- _Activity_:
From the listing below, retype exactly the line holding "株ノートに、購入した企業の基", the line holding "오늘은 오전에 글쓰기", and the lines between them; skip everything else.

--- Exercise input ---

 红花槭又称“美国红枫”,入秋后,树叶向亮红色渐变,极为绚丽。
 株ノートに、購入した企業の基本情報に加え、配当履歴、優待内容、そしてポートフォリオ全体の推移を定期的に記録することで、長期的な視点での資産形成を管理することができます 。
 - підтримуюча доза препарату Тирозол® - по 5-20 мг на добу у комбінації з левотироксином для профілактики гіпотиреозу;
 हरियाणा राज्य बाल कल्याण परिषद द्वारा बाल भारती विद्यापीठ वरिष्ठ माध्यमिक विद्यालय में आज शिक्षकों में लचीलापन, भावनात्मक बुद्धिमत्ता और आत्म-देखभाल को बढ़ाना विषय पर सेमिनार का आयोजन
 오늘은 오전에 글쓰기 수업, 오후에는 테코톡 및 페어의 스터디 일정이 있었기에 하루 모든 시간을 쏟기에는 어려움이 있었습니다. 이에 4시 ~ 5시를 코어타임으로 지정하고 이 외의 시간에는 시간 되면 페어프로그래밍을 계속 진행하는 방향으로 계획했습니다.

---
--- Exercise input ---

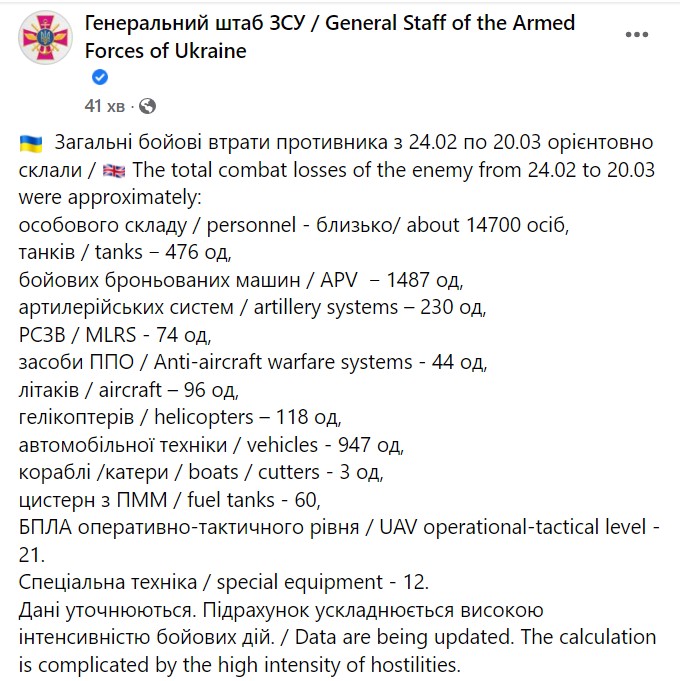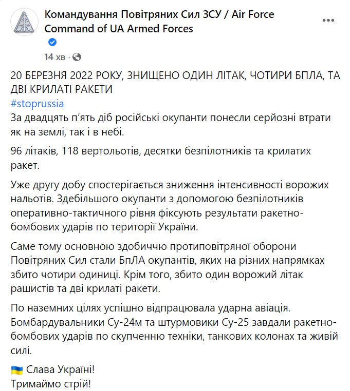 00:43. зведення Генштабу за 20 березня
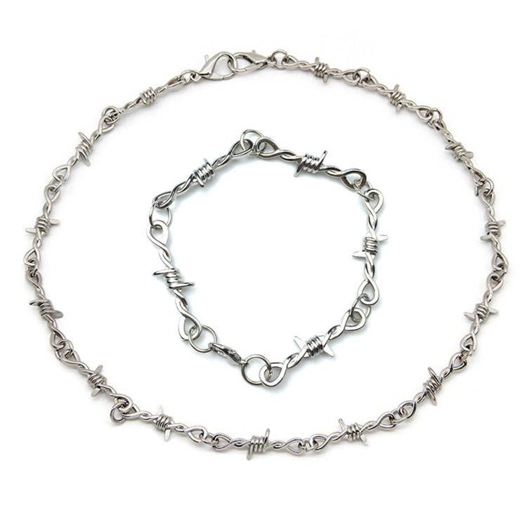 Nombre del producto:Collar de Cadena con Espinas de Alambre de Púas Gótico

---
--- Exercise input ---

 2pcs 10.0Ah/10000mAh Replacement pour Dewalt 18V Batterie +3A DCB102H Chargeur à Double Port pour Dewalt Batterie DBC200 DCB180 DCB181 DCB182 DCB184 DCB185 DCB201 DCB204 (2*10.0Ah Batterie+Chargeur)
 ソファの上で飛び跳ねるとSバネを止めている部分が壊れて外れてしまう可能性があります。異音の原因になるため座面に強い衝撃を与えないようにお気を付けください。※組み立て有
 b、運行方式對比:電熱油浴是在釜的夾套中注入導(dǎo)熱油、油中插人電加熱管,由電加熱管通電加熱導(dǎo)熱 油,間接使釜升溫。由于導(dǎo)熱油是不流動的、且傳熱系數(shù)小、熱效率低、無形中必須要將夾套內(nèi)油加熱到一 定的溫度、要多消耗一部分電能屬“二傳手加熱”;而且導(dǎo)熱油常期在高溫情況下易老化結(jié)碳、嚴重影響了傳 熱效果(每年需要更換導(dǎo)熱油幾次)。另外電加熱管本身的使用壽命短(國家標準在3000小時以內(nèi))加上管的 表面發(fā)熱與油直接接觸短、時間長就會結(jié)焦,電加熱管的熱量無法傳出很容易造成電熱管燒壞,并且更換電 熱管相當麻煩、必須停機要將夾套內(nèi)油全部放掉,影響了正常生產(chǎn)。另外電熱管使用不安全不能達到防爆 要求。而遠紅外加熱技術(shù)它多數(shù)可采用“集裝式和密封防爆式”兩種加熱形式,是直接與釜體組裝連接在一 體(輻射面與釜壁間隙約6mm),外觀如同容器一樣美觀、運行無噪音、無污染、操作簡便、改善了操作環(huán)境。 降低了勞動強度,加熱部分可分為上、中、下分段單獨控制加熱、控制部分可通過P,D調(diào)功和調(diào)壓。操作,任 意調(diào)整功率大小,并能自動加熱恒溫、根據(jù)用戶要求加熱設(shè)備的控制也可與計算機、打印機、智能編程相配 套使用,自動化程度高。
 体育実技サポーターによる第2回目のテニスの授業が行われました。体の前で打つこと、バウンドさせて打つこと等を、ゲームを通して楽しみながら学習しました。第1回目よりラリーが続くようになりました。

---

- _Written response_:
 株ノートに、購入した企業の基本情報に加え、配当履歴、優待内容、そしてポートフォリオ全体の推移を定期的に記録することで、長期的な視点での資産形成を管理することができます 。
 - підтримуюча доза препарату Тирозол® - по 5-20 мг на добу у комбінації з левотироксином для профілактики гіпотиреозу;
 हरियाणा राज्य बाल कल्याण परिषद द्वारा बाल भारती विद्यापीठ वरिष्ठ माध्यमिक विद्यालय में आज शिक्षकों में लचीलापन, भावनात्मक बुद्धिमत्ता और आत्म-देखभाल को बढ़ाना विषय पर सेमिनार का आयोजन
 오늘은 오전에 글쓰기 수업, 오후에는 테코톡 및 페어의 스터디 일정이 있었기에 하루 모든 시간을 쏟기에는 어려움이 있었습니다. 이에 4시 ~ 5시를 코어타임으로 지정하고 이 외의 시간에는 시간 되면 페어프로그래밍을 계속 진행하는 방향으로 계획했습니다.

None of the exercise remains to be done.